Fumbling in his own pockets, he retrieved half a cigarette and a bent match, the last one in the book. The last one he’d have for a while if his luck held the way it was. The match struck, flaring bright in the dark, cold night, and hissed loud in the mostly quiet aftermath of Roger’s bullshit comment. He made a show of lighting the corner of the business card and whipped the match back and forth to smother it. Flicking it to the ground, he brought the cigarette to his lips and lit it with the card. “Is that what you did?” he asked, voice muffled by the blissful, blissful cylinder of nicotine hanging from his mouth.

“Cute.

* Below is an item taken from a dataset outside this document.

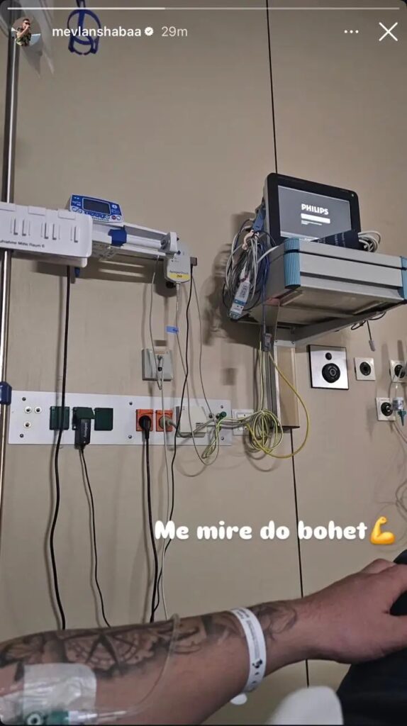 Mevlani ka ndarë një foto në InstaStory, ku shihet me një infuzion, por nuk ka dhënë detaje të tjera mbi gjendjen e tij shëndetësore. Ai ka shkruar vetëm: “Më mirë do bëhet”, duke u munduar disi të qetësojë ndjekësit dhe të afërmit e tij.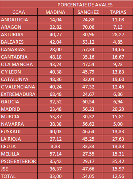 Ahora hay una polémica sobre la procedencia territorial de los avales que ha pedido Eduardo Madina que se haga pública y hay quien ve en esta petición una pataleta de mal perdedor. Yo tengo clara la procedencia porque mi último día de trabajo en Ferraz me lo pasé imprimiendo avales para que la máquina los leyera y entiendo que conocer la distribución territorial del apoyo a cada candidato es más que relevante. ¿Por qué? Porque después de la votación por toda la militancia del Secretario General del día 13 de julio habrá un Congreso clásico, con delegados elegidos por congresillos en sus respectivos territorios, en el que se votará su ejecutiva y si la fórmula de elección directa del Secretario General por todos los militantes se hace definitiva. No es baladí.

No, kid, I made real money being a grown man and getting on with doing what I had to do, but not all of us have the guts for that.” Roger spoke like he was proud of that fact, like it was some kind of accomplishment, like his sacrifice was somehow greater or more noble than anyone else’s.

Scoffing, the noise catching in his throat, Llewyn said, “Who are you trying to convince? You or me?”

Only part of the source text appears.